The Harrier II Plus is very similar to the Night Attack variant, with the addition of an APG-65 multi-mode pulse-Doppler radar in an extended nose, allowing it to launch advanced beyond-visual-range missiles such as the AIM-120 AMRAAM. To make additional space for the radar, the angle-rate bombing system was removed. The radars used were taken from early F/A-18 aircraft, which had been upgraded with the related APG-73. According to aviation author Lon Nordeen, the changes "had a slight increase in drag and a bit of additional weight, but there really was not much difference in performance between the [–408-powered] Night Attack and radar Harrier II Plus aircraft".

==Operational history==

===United States Marine Corps===
The AV-8B underwent standard evaluation to prepare for its USMC service.
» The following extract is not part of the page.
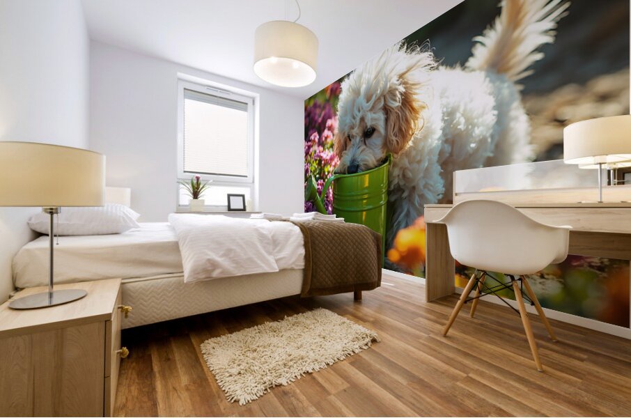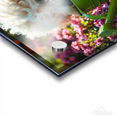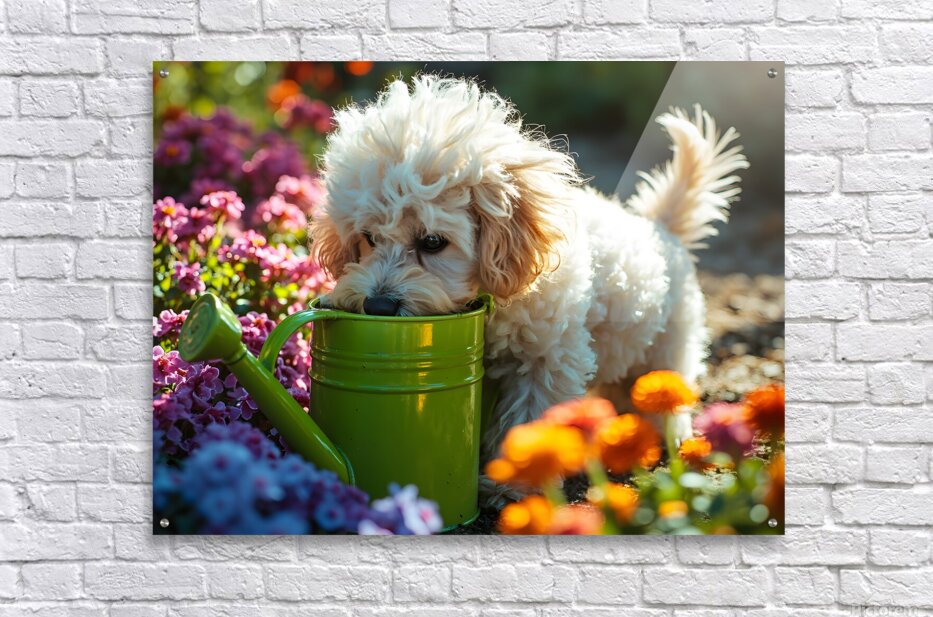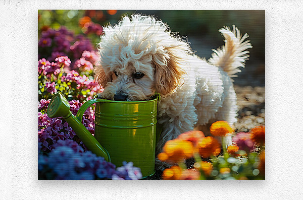 Get this artwork "Free Poodle Puppy Sits By Overturned Watering Can" in a framed print.

In the operational evaluation (OPEVAL), lasting from 31 August 1984 to 30 March 1985, four pilots and a group of maintenance and support personnel tested the aircraft under combat conditions. The aircraft was graded for its ability to meet its mission requirements for navigating, acquiring targets, delivering weapons, and evading and surviving enemy actions, all at the specified range and payload limits. The first phase of OPEVAL, running until 1 February 1985, required the AV-8B to fly both deep and close air support missions (deep air support missions do not require coordination with friendly ground forces) in concert with other close-support aircraft, as well as flying battlefield interdiction and armed reconnaissance missions. The aircraft flew from military installations at Marine Corps Base Camp Pendleton and Naval Air Weapons Station China Lake in California; Canadian Forces Base Cold Lake in Canada; and Marine Corps Air Station Yuma in Arizona.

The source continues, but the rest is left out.